_Exercise directions_. Write out, word for word, every line in the data below from the one containing "党委班子成员根据学生专业背景" to the one containing "BB Dakota black", both of them included.

_Record set_.
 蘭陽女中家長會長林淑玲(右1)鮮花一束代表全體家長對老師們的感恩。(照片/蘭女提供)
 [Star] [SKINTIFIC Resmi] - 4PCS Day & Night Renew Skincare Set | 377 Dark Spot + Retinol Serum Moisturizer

==

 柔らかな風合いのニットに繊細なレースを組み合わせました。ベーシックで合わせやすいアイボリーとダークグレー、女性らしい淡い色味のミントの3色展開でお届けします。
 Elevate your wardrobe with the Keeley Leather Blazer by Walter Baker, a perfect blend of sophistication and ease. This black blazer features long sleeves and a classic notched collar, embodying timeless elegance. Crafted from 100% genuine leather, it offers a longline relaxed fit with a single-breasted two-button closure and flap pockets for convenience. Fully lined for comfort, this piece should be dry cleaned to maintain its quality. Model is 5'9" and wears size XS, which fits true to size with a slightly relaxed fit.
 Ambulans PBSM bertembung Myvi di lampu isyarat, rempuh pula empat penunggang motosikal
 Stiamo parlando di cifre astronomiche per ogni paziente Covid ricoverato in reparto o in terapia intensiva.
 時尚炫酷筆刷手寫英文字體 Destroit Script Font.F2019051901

--

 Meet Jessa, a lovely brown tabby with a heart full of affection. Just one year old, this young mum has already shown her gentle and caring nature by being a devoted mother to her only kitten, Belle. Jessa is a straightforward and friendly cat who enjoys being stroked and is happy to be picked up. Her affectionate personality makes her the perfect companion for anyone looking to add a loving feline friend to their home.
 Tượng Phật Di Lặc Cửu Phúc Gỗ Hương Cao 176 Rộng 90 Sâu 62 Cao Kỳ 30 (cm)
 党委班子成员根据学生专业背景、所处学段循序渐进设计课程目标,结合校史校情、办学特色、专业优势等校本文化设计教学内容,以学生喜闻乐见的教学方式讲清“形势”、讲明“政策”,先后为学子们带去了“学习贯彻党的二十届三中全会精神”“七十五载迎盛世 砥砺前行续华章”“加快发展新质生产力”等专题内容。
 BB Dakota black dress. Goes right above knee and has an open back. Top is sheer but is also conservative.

_Response below_.
 党委班子成员根据学生专业背景、所处学段循序渐进设计课程目标,结合校史校情、办学特色、专业优势等校本文化设计教学内容,以学生喜闻乐见的教学方式讲清“形势”、讲明“政策”,先后为学子们带去了“学习贯彻党的二十届三中全会精神”“七十五载迎盛世 砥砺前行续华章”“加快发展新质生产力”等专题内容。
 BB Dakota black dress. Goes right above knee and has an open back. Top is sheer but is also conservative.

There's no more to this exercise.